Lets take a closer look at DATASET - MODEL - OUTPUT

and understand what those colors mean.[1]

import numpy
fig = plt.figure(1, (80., 80.))
grid = ImageGrid(fig, 111,
                     nrows_ncols=(1, 3),
                     axes_pad=0.5)


data = [data.view(-1) for data, target in dataset]
data = torch.stack(data)

target = [target.view(-1) for data, target in dataset]
target = torch.stack(target)

grid[0].matshow(Image.fromarray(data.numpy()))
grid[0].set_title('DATASET', fontsize=144)
grid[0].tick_params(axis='both', which='both', length=0, labelsize=0)
grid[0].set_ylabel('10', fontsize=144)
grid[0].set_xlabel('25', fontsize=144)
for (x,y), val in numpy.ndenumerate(data.numpy()):
     grid[0].text(y, x, '{:d}'.format(int(val)), ha='center', va='center', fontsize=24,
            bbox=dict(boxstyle='round', facecolor='white', edgecolor='white'))


grid[1].matshow(Image.fromarray(model.output_layer.weight.data.numpy()))
grid[1].set_title('MODEL', fontsize=144)
grid[1].tick_params(axis='both', which='both', length=0, labelsize=0)
grid[1].set_xlabel('25', fontsize=144)
for (x,y), val in numpy.ndenumerate(model.output_layer.weight.data.numpy()):
     grid[1].text(y, x, '{:0.04f}'.format(val), ha='center', va='center',fontsize=16,
            bbox=dict(boxstyle='round', facecolor='white', edgecolor='white'))

output = model(Variable(data))
grid[2].matshow(Image.fromarray(output.data.numpy()))
grid[2].set_title('OUTPUT', fontsize=144)
grid[2].tick_params(axis='both', which='both', length=0, labelsize=0)
grid[2].set_xlabel('10', fontsize=144)

for (x,y), val in numpy.ndenumerate(output.data.numpy()):
     grid[2].text(y, x, '{:0.04f}'.format(val), ha='center', va='center',fontsize=16,
            bbox=dict(boxstyle='round', facecolor='white', edgecolor='white'))


plt.show()
/images/vanangamudimnist/output_20_0.png

If you zoom in the picture you will see numbers corresponding to the colors - violet means the lowest value, and yellow is the highest values. i.e violet does not mean 0 and yellow does not mean 1 as you might think from the dataset image.

WHAT DOES EACH ROW MEAN?

DATASET

numbers, each row is a number. first one is 0 second one is 1 and so on.

MODEL

weights corresponding to pixels in the image for a number. first row is for 0 and last one is for 9.

OUTPUT

scores of similarity. how similar the input image to all output numbers.
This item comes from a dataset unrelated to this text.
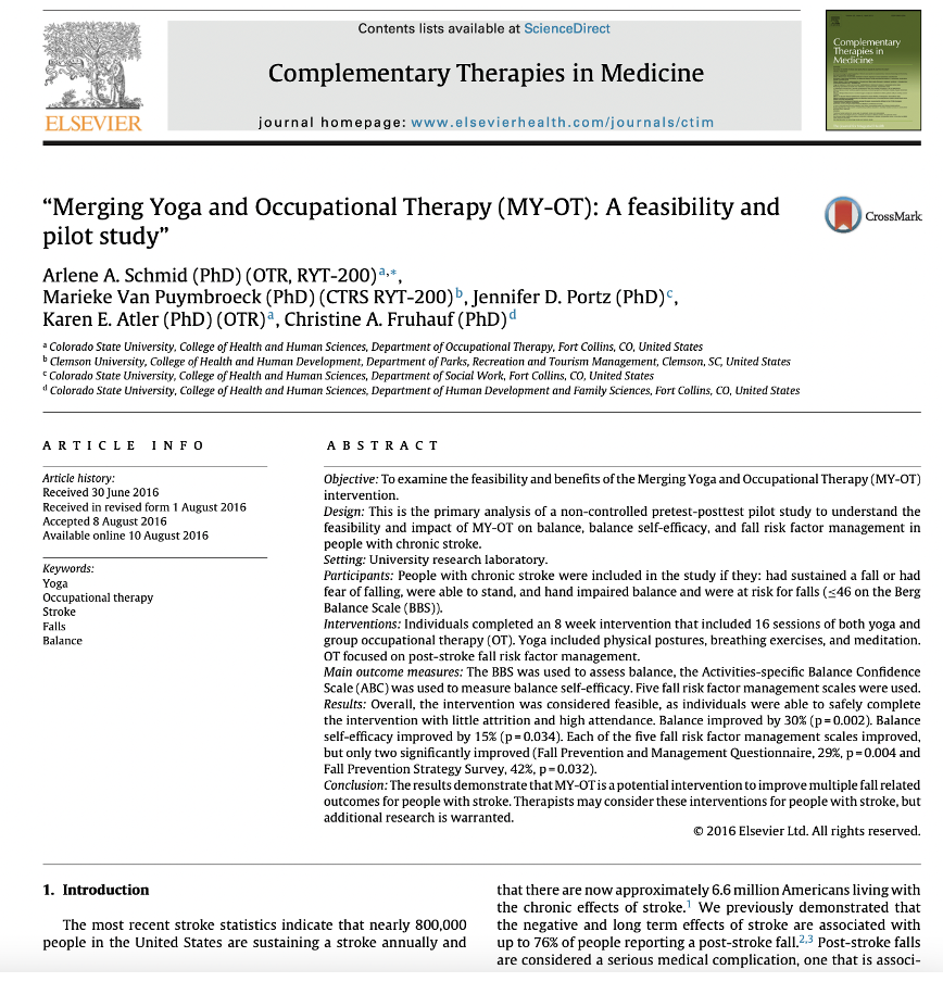 Schmid, Arlene., Marieke Van Puymbroeck, Jennifer D. Portz, Karen E. Atler, Christine A. Fruhauf. (2016). Merging Yoga and Occupational Therapy (MY-OT): A feasibility and pilot study. Complementary Therapies in Medicine. Vol. 28, pgs 44-49. ISSN 0965-2299. https://doi.org/10.1016/j.ctim.2016.08.003.

First row contains scores of 0, how similar it is to all other numbers first square in the first row is how simlilar 0 is to 0, second square similar it is to 1. Now the scores are not only incorrect but stupid. This will become better and clear as we train the network. Lets take look at the DATASET-MODEL-OUTPUT trinity once again before training

Take look at the following. It shows a single row from the output image. Go on pick the darkest square in the output above. Which row has the darkeset one?, it seems like the row corresponding to number 4, i.e data[4] the least value from that row is -3.0710

print(model(Variable(data[4].view(1, -1))))
Variable containing:
-2.2242 -2.0100 -2.4086 -2.2264 -2.3357 -1.9604 -2.5856 -3.0710 -2.0782 -2.5825
[torch.FloatTensor of size 1x10]

Similarly the brightest yellow is in the row corresonding to number 1 whose value is -1.9198 you can see below. The reason I am stressing about this fact is, this is will influence how we interpret the following images.
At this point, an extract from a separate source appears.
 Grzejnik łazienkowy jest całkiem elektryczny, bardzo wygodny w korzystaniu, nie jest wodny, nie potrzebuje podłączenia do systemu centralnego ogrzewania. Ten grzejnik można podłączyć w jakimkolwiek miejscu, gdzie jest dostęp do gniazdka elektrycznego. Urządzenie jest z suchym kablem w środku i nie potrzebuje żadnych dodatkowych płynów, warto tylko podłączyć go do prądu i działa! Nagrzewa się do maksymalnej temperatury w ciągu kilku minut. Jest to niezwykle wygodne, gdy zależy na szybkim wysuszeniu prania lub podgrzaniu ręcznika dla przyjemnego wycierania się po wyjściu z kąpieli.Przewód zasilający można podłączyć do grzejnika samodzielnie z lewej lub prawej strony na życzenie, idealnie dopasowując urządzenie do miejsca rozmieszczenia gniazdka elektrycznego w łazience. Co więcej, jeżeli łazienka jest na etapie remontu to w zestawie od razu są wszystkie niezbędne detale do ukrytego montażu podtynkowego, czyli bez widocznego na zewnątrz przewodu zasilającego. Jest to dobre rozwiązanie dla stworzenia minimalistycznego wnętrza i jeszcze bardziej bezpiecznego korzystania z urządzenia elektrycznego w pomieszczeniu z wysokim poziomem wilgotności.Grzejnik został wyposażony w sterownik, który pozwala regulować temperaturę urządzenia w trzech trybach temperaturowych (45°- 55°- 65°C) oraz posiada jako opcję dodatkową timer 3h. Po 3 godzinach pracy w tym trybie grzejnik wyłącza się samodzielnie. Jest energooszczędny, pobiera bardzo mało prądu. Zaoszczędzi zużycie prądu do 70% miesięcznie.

print(model(Variable(data[1].view(1, -1))))
Variable containing:
-2.9334 -2.5239 -1.9198 -2.3306 -2.3984 -2.1636 -2.2579 -2.3235 -2.1503 -2.3224
[torch.FloatTensor of size 1x10]
import numpy
def plot_with_values(model, dataset, title=''):
    fig = plt.figure(1, (80., 80.))
    grid = ImageGrid(fig, 111,
                         nrows_ncols=(1, 3),
                         axes_pad=0.5)


    data = [data.view(-1) for data, target in dataset]
    data = torch.stack(data)

    target = [target.view(-1) for data, target in dataset]
    target = torch.stack(target)

    plot_data = [data, model.output_layer.weight.data, model(Variable(data)).data]
    for i, tobeplotted in enumerate(plot_data):
        grid[i].matshow(Image.fromarray(tobeplotted.numpy()))
        grid[i].tick_params(axis='both', which='both', length=0, labelsize=0)
        for (x,y), val in numpy.ndenumerate(tobeplotted.numpy()):
            if i == 0: spec = '{:d}';  val = int(val)
            else: spec = '{:0.2f}'
            grid[i].text(y, x, spec.format(val), ha='center', va='center', fontsize=16,
                bbox=dict(boxstyle='round', facecolor='white', edgecolor='white'))
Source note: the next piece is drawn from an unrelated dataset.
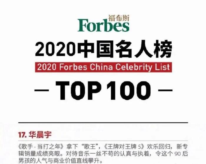 2020年8月,他登上了“福布斯中国名人榜”第17位。

    grid[0].set_title('DATASET', fontsize=144)
    grid[0].set_ylabel('10', fontsize=144)
    grid[0].set_xlabel('25', fontsize=144)

    grid[1].set_title('MODEL', fontsize=144)
    grid[1].set_xlabel('25', fontsize=144)

    grid[2].set_title('OUTPUT', fontsize=144)
    grid[2].set_xlabel('25', fontsize=144)

    plt.show()

Before Training

test_and_print(model, dataset, 'sama')
plot_with_values(model, dataset)
correct: 1/10, loss:2.4236292839050293
/images/vanangamudimnist/output_28_1.png/images/vanangamudimnist/output_28_2.png

Training

Train for a single epoch

Training for a single epoch means run over all the ten images we have now.

def train(model, optim, dataset):
    model.train()
    avg_loss = 0
    for i, (data, target) in enumerate(dataset):
        data = data.view(1, -1)
        data, target = Variable(data), Variable(target.long())
        optimizer.zero_grad()
        output = model(data)

        loss = F.nll_loss(output, target)
        loss.backward()
        optimizer.step()
        avg_loss += loss.data[0]

    return avg_loss/len(dataset)

Train the model once and see how it works

train(model, optimizer, dataset)
7.596218156814575
test_and_print(model, dataset)
plot_with_values(model, dataset)
correct: 2/10, loss:5.988691329956055
/images/vanangamudimnist/output_34_1.png/images/vanangamudimnist/output_34_2.png

train once again

train(model, optimizer, dataset)
6.19214208945632
test_and_print(model, dataset)
plot_with_values(model, dataset)
correct: 2/10, loss:5.175973892211914
/images/vanangamudimnist/output_37_1.png/images/vanangamudimnist/output_37_2.png

As you can see the diagonal of the output matrix is getting brighter and brighter.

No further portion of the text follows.